À l’étage, avec trois grands fusains exécutés du haut de terrasses, sur des toits, Pascale Hémery (née en 1965) plonge littéralement son regard dans des rues de très grandes villes, Udaipur et New York, et l’on comprend tout de suite son intérêt pour l’entremêlement des lignes, qu’il s’agisse de l’invraisemblable réseau de poteaux et de fils électriques et téléphoniques qui traverse anarchiquement la ville indienne, ou des longues verticales sévères des buildings américains. Il y a là un vertige et une sorte de défi, en même temps. Que faire avec ces espaces confus ou trop rationnels, découpés au hasard ou tirés au cordeau ? Comment imposer aux uns une unité, sans du tout les simplifier, et restituer la beauté singulière des autres, sans négliger leur démesure ? Dans les deux feuilles de la Suite indienne, l’artiste y parvient par la lumière, en suscitant des zones claires, mystérieusement rayonnantes.
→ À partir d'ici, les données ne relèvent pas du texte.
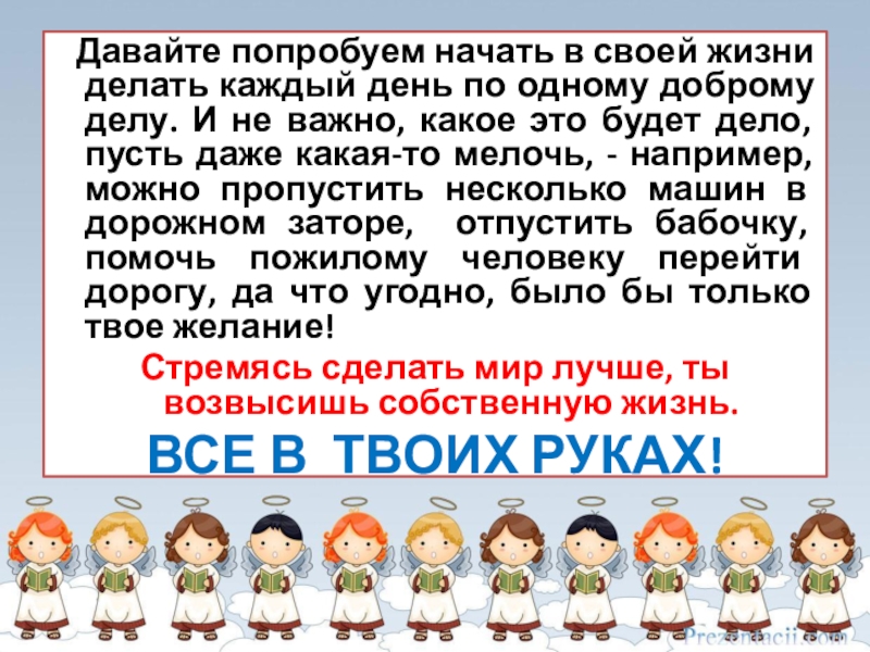 по одному доброму делу. И не важно, какое это будет дело, пусть даже какая-то мелочь, - например, можно пропустить несколько машин в дорожном заторе, отпустить бабочку, помочь пожилому человеку перейти дорогу, да что угодно, было бы только твое желание!

Parmi de nombreuses œuvres de dessinateurs de presse, on découvre avec surprise plusieurs lavis tardifs de Tetsu (1913-2008) : simplement des bustes d’hommes et de femmes sortant de l’ombre, comme s’ils se trouvaient assis dans le compartiment obscur  d’un train (il y a une sorte de « fenêtre » à droite ou à gauche, en fait un rectangle laissé blanc qui indique d’où vient la lumière) et qu’un autre voyageur en face d’eux, l’artiste, les avait observés. Leur expression est fixe et peu amène, leurs yeux sont de petites taches noires comme leurs bouches de gros traits noirs, et l’on sent tout de suite en eux l’usure de l’âge et la lassitude des villes, à l’heure de fermeture des bureaux. L’exécution, très enlevée, ne s’attardant à aucun détail (hormis la cravate des hommes), et la dureté de la lumière imposent d’emblée ces visages sans charme. Que l’on dirait tracés en hâte par un Daumier de notre temps.


Je n’ai donc fait ici que citer les œuvres qui m’ont le plus frappé, mais voilà que d‘autres me reviennent maintenant en mémoire, celles de Raphaël Lonné et de Stéphane Mandelbaum, de James Castel et de Joël Person, d’autres encore, qui réclament à leur tour des regards plus attentifs et quelques mots de reconnaissance. On peut dire qu’en cela, par son étendue et sa diversité, l’exposition atteint parfaitement son but. Il me semble en effet qu’elle vise et parvient à démontrer librement – sans chercher à imposer des catégories ou des classements, et bien sûr sans souci d’exhaustivité (aucun dessin de Giacometti par exemple, quand Les Cahiers dessinés ont réédité son magnifique Paris sans fin) – la persistance et la belle vitalité d’une pratique que la peinture, la photographie ou, aujourd’hui, les installations et la vidéo, en occupant quasiment tout le devant de la scène, font parfois oublier ou négliger. Et ce faisant elle rappelle utilement que le dessin fut à l’origine (depuis Lascaux, le dessinateur Pascal le rappelait dans Le Cahier dessiné, la revue qui accompagne la collection) et reste à la base de presque toutes les créations plastiques.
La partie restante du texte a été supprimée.